Cultura | BA

Uma artista fora de todas as molduras
No dia 6 de maio, das 19h às 21h, a Aliança Francesa de Salvador abre suas portas para a exposição “Emma Valle na coleção de Dimitri Ganzelevitch”. Com curadoria do próprio colecionador, a mostra reúne cerca de 40 obras da enigmática e extraordinária artista baiana, entre óleos sobre tela, gamelas entalhadas, talhas, azulejos, pedaços de fogão e o que mais coubesse em sua fúria criativa.
Emma Valle não pintava quadros. Ela deixava escapar mundos inteiros.
Nascida e morta em Salvador, a artista construiu sua trajetória à margem dos salões convencionais, firmando-se como a maior representante baiana da chamada Arte Fora das Normas — um universo onde o cotidiano se torna épico e os suportes se tornam personagens. O Cartola Internacional, pensão na Ladeira de Santa Teresa onde viveu e trabalhou por décadas, virou seu ateliê, santuário e cenário de delírios. Dali brotaram imagens de orixás, igrejas barrocas, barcos, burros, santos, fiações elétricas, burgueses frustrados e peixes que quase arrastam seus donos para dentro da água.

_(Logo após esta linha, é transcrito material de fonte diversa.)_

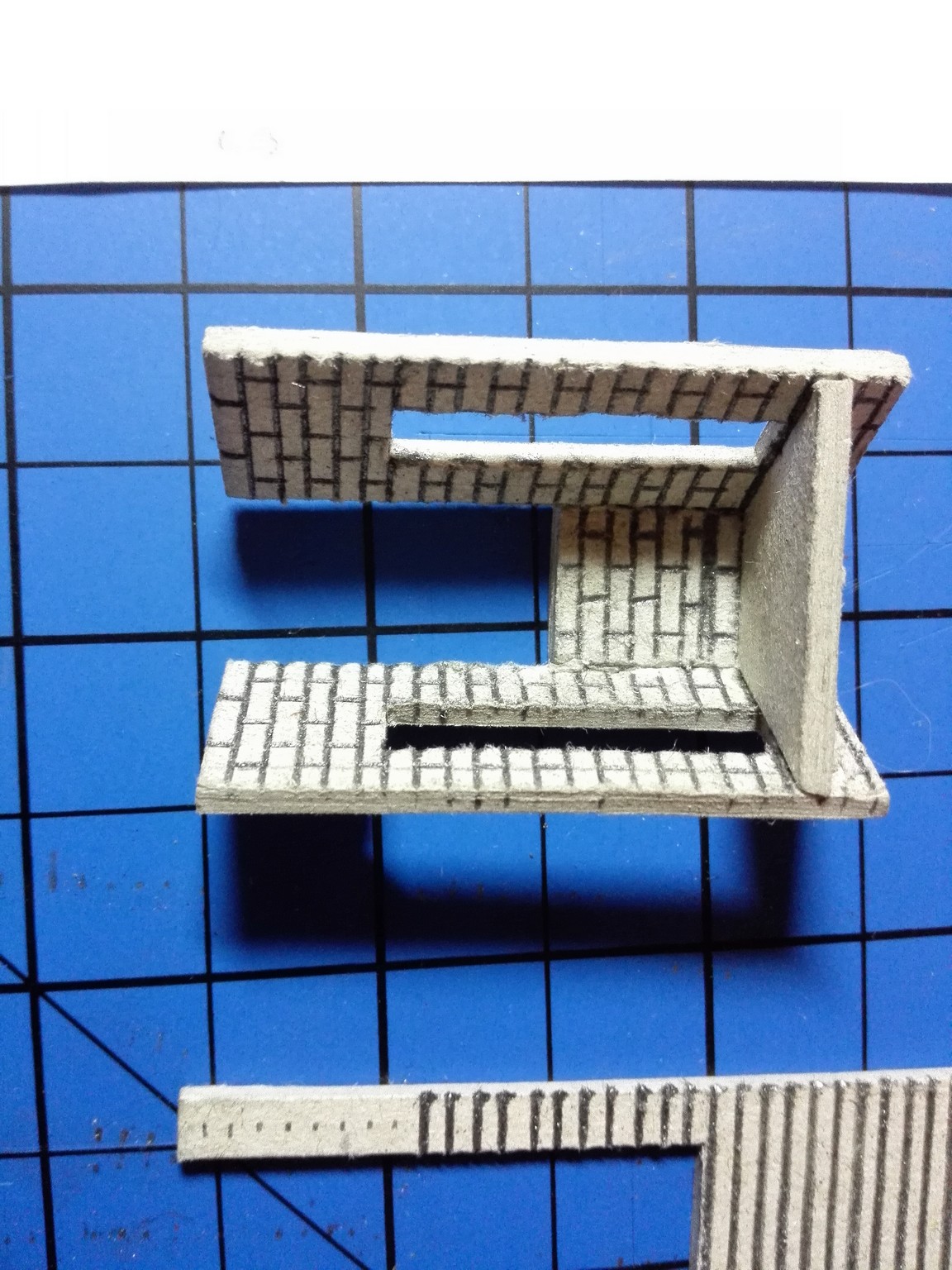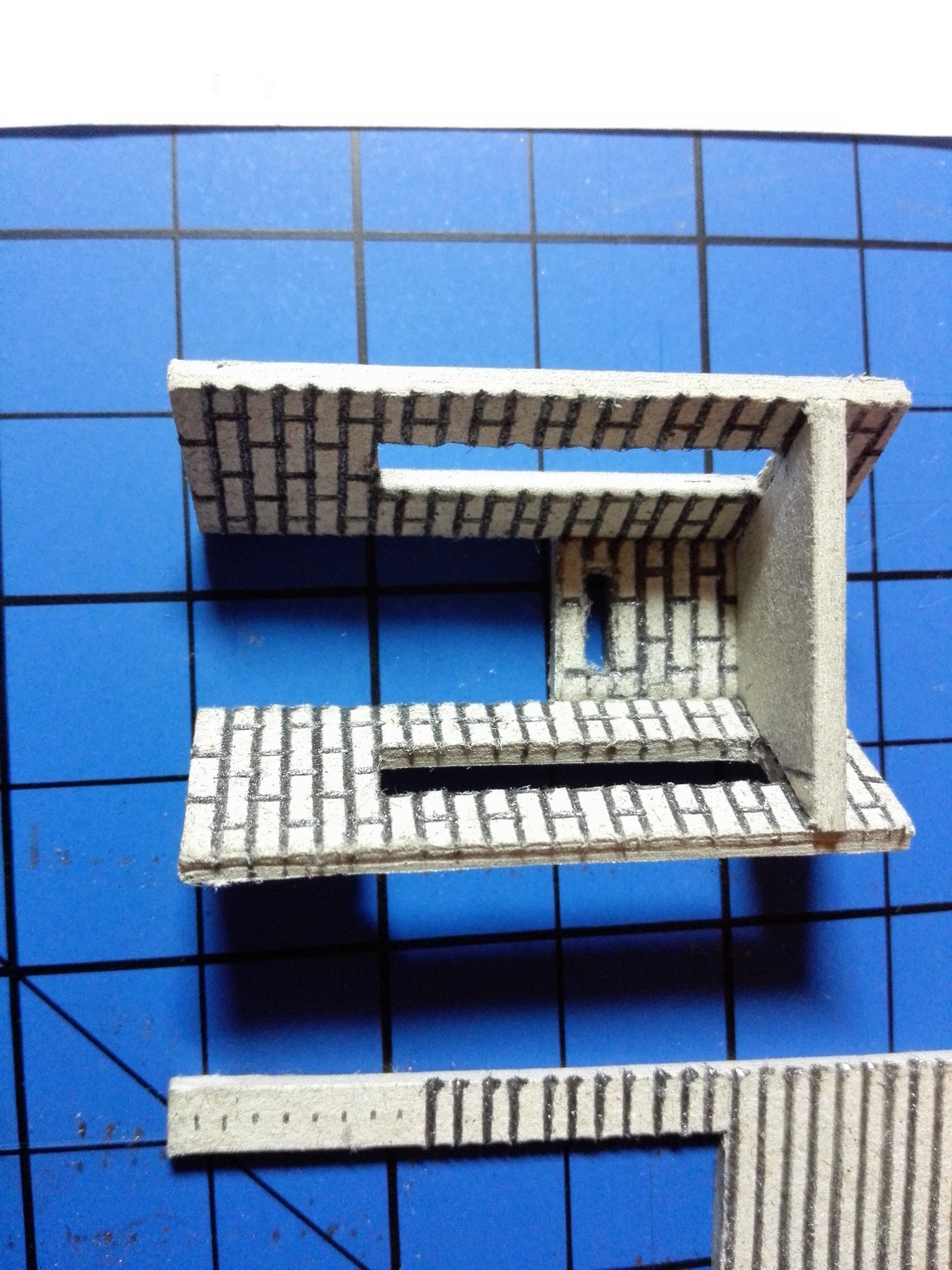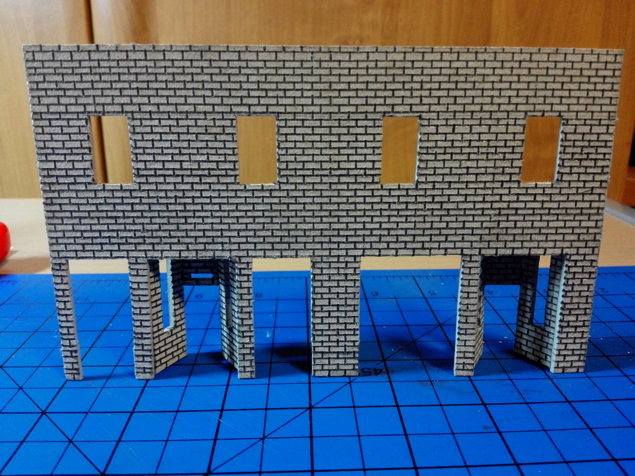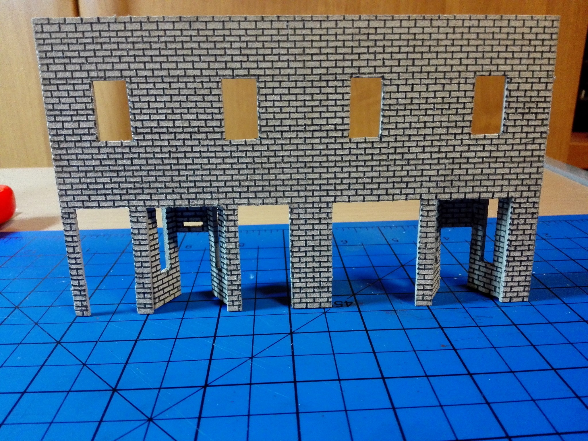 Mezitím, co usychaly vnitřní zdi, jsem se pomalu pustil do vlastního modelu zvenku. Nejnáročnější bylo udělat motiv cihel na celém domě. Zvolil jsem obyčejnou tužku a “zarýval” jsem do lepenky obdélníčky o velikosti 2×4 mm. Jak je vidět, tak jsem se snažil je dělat pravidelně podle pravítka. Vůbec nevadilo, že tužka je na lepence vidět, tvoří to velice zajímavý dojem. Motiv cihel jsem si nejprve ale vyzkoušel na kousku lepenky mimo dům, abych něco nepokazil. Jak pokusy cihel, tak i vlastní namalované cihly jsou na obrázcích níže. Některé díly na fotografiích jsou už i natřené. Zase byly použity akrylové barvy. Míchal jsem červenou s trochou černé, aby byla tmavší. Pro motiv různých odstínů jsem si pohrával s více a méně ředěnou barvou vodou. Není to sice tolik patrné, ale místy je to vidět.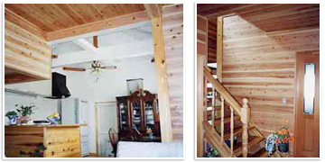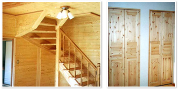 ■天井と壁にパイン板貼りを施した洋室と北欧パインの内装ドア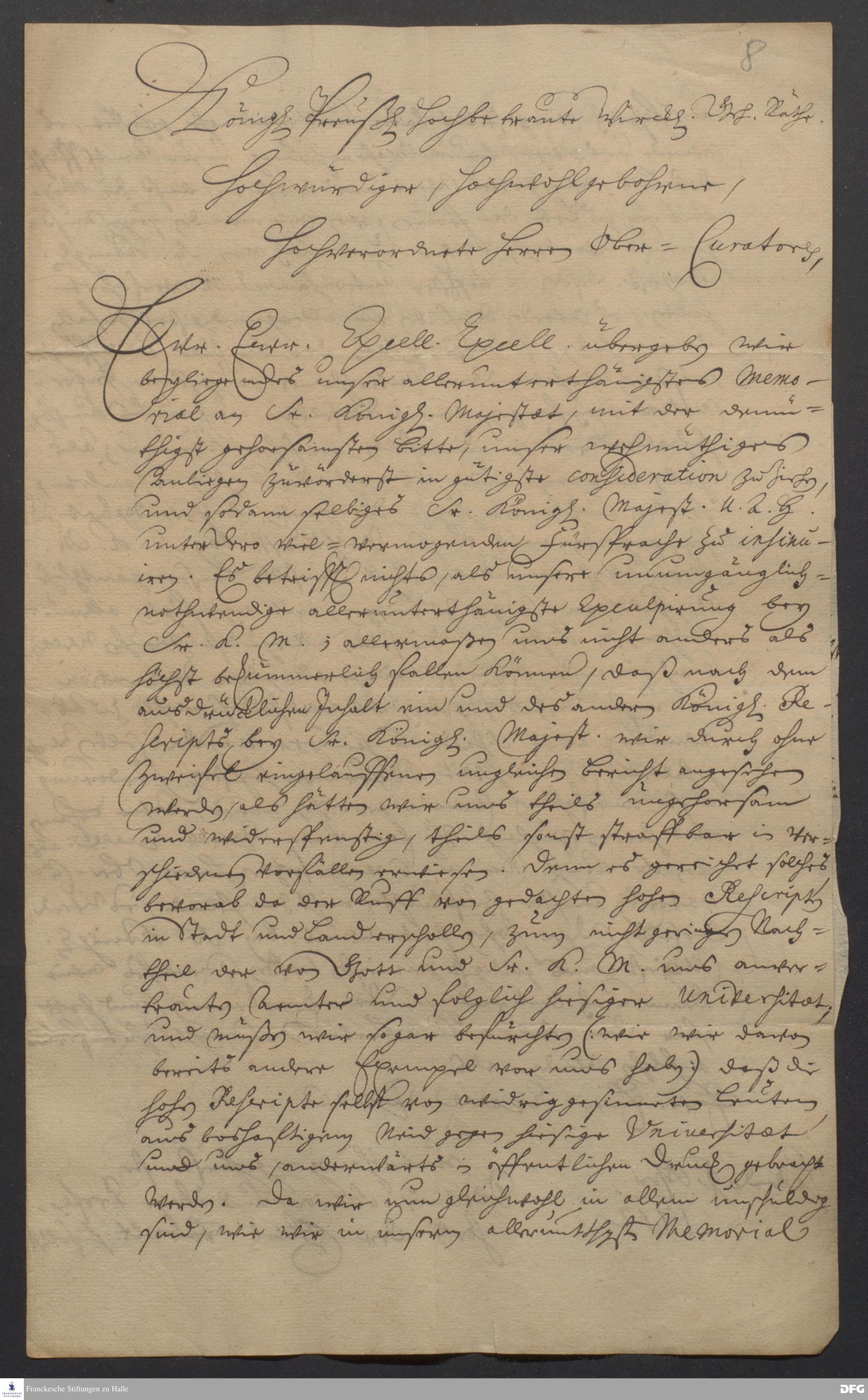 Brief von [August Hermann Francke, Paul Anton, Johann Heinrich Michaelis, Joachim Lange und Joachim Just Breithaupt] an [Marquard Ludwig von Printzen und Johan Moritz von Blaspiel].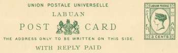 British Colony of Labuan - Portrait of Queen Victoria : 3¢ + 3¢ Reply (1893) MNH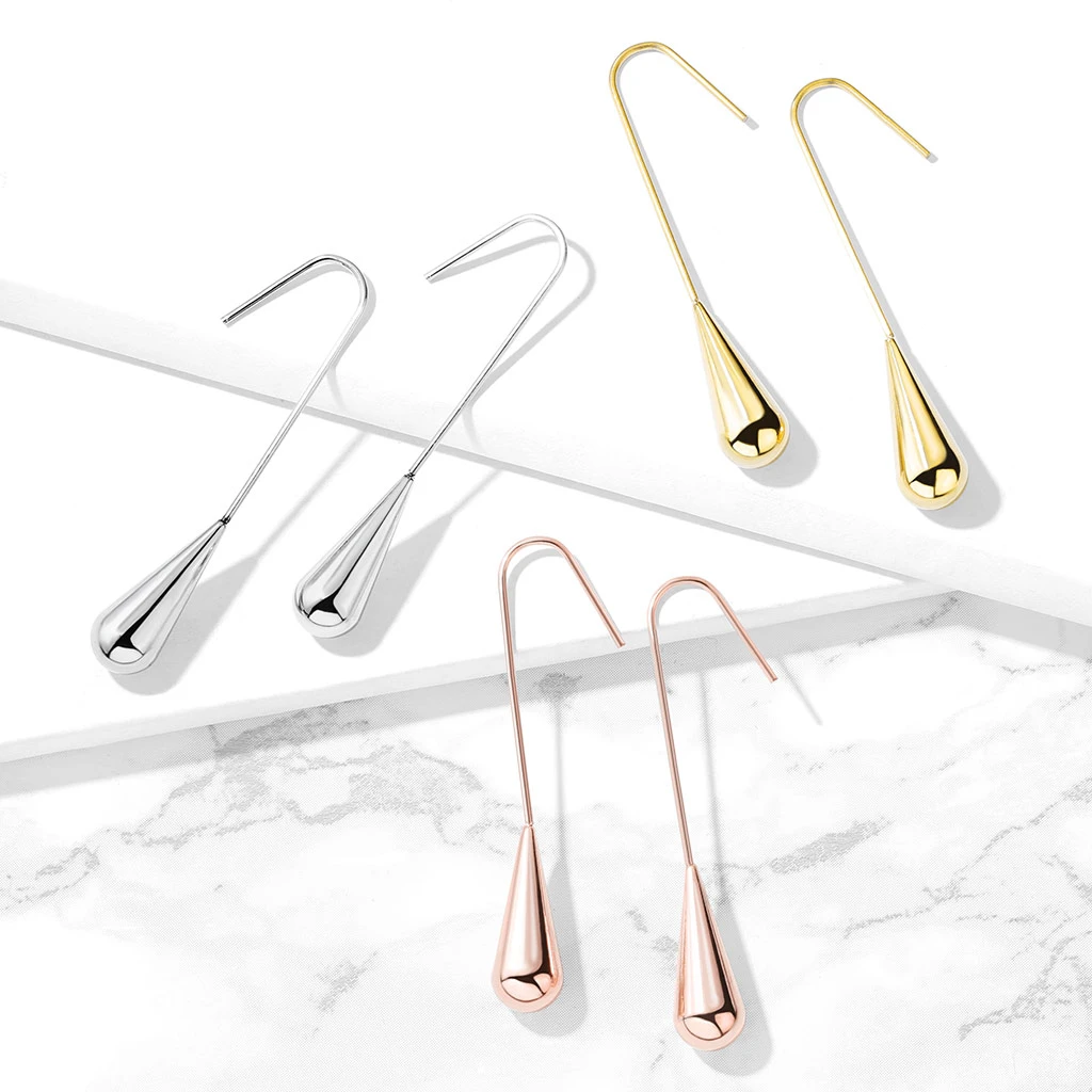 Visací náušnice vyrobené z chirurgické oceli. Náušnice do uší zavěsíte na háček. Povrch náušnic je leštěný.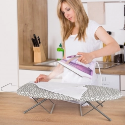 Kompaktna namizna likalna deska za majhna stanovanja, študentske domove in potovanja ponuja stabilno kovinsko konstrukcijo, nedrseče nogice ter udobno bombažno prevleko s filcno podlogo. Ima izvlečni nosilec za likalnik, enostavno se razpre in po zlaganju zavzame minimalno prostora.

A artista costumava dizer que cada obra sua contava uma história. Literalmente: suas peças vinham acompanhadas por longos títulos explicativos, assinaturas e datas repetidas, às vezes até o preço. Tudo isso esculpido com tinta e obsessão. E se alguém duvidasse da durabilidade de suas criações, Emma tinha uma resposta afiada: “Meus quadros duram séculos, como os de Miguel Ângelo”.
No entanto, reduzi-la a uma artista naïf seria desonesto. Emma não buscava o lirismo da ingenuidade, mas sim o abismo do instinto. Como os artistas de Art Brut, definidos por Jean Dubuffet, ou os pacientes de Nise da Silveira, Emma falava com as imagens do inconsciente — um inconsciente tropical, urbano, afrobarroco.

A exposição é também uma celebração dessa redescoberta. Vinte e cinco anos após sua morte, o mercado de arte começa a reavaliar seu legado com a atenção que sempre mereceu. A mostra será seguida de um coquetel e um debate com o professor Luiz Freire (Escola de Belas Artes da UFBA), e com o próprio Dimitri Ganzelevitch.

Antes de Emma, um nome ajuda a entender o início dessa trajetória improvável: Reinaldo Eckenberger. Foi ao lado do artista argentino que Emma, então dona da pensão Cartola Internacional, trocou a rotina pelo espanto. Eles não se tornaram um coletivo, nem um casal, nem rivais. Foram dois satélites livres, girando em torno de suas próprias febres criativas, em uma Salvador que já parecia surreal.
Essa é mais do que uma exposição. É uma chance rara de se aproximar de uma artista que viveu e morreu como criou: fora das molduras, mas dentro de algo imenso.